**Supplied material:**
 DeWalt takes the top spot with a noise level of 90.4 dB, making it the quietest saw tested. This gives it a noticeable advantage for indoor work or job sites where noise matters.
...
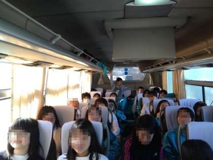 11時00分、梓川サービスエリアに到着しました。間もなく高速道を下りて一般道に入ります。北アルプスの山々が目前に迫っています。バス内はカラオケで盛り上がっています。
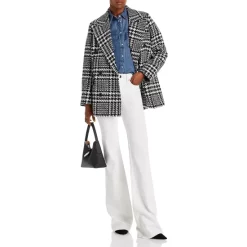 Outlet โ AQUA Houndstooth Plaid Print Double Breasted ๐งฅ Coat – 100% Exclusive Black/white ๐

**Problem statement:** Could you repeat, exactly, only the lines above starting at the one that has "11時00分、梓川サービスエ" and stopping after the one that has "Outlet โ AQUA", without the pictures?

**Completed exercise:**
 11時00分、梓川サービスエリアに到着しました。間もなく高速道を下りて一般道に入ります。北アルプスの山々が目前に迫っています。バス内はカラオケで盛り上がっています。
 Outlet โ AQUA Houndstooth Plaid Print Double Breasted ๐งฅ Coat – 100% Exclusive Black/white ๐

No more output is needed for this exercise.